Ferré was an engineer by training, having graduated from MIT, and he also studied at the New England Conservatory of Music. This dual interest in the fine arts and in industry continued throughout his life as he built up his family’s business, Puerto Rico Iron Works, and established the Ponce Museum of Art.
Ferré served as Governor of Puerto Rico, and in both the Senate and House in Puerto Rico. He was also influential in the U.S. Republican Party, representing the GOP in Puerto Rico and supporting GOP leaders in the fifty states. He was a member of the assembly that drafted Puerto Rico’s constitution in 1952, one of the founders of the New Progressive Party, the publisher of El Nuevo Dia, and a recipient of the Presidential Medal of Honor.
In Ferré’s own words, he described himself as ”revolutionary in my ideas, liberal in my objectives and conservative in my methods.”

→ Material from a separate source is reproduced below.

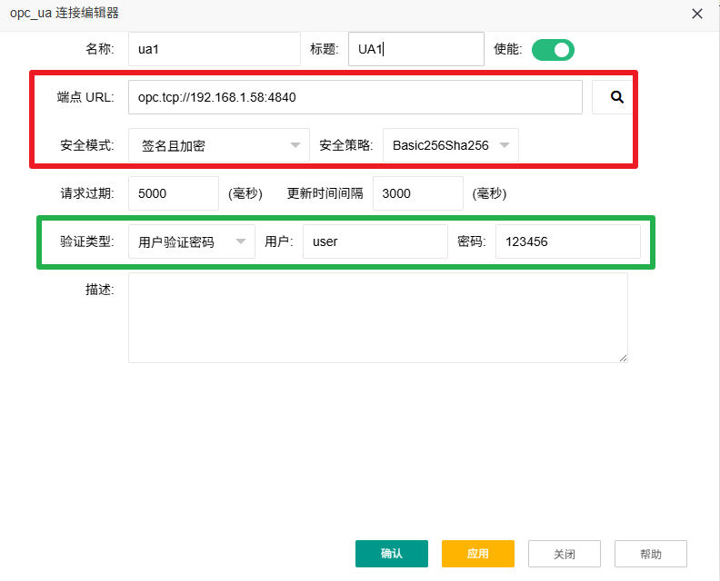 如果OPC UA Server要求用户密码验证,你还得填写用户密码(这个用户密码你需要和OPC Server提供方沟通获取)。确定之后,我们就可以看到左边成功添加了这个接入。

Ferré was a proponent of statehood for Puerto Rico. He rejected the current colonial status, as he described it, and stood against independence because the people of Puerto Rico are tied to the United States by family relationships as well as by history. “One would be hard-pressed,” he observed in testimony before a Senate committee in the 1980s, “to find a Puerto Rican without a sister in New York or a son in Chicago, a cousin in Orlando or a daughter in Honolulu or Oklahoma City.” Statehood was his lifelong dream, because he believed it would provide the best future for the people of Puerto Rico.
In nearly a full century of accomplishments and in his legacy of hope for Puerto Rico, Ferré continues to be a role model and an inspiration for Puerto Ricans and all Americans.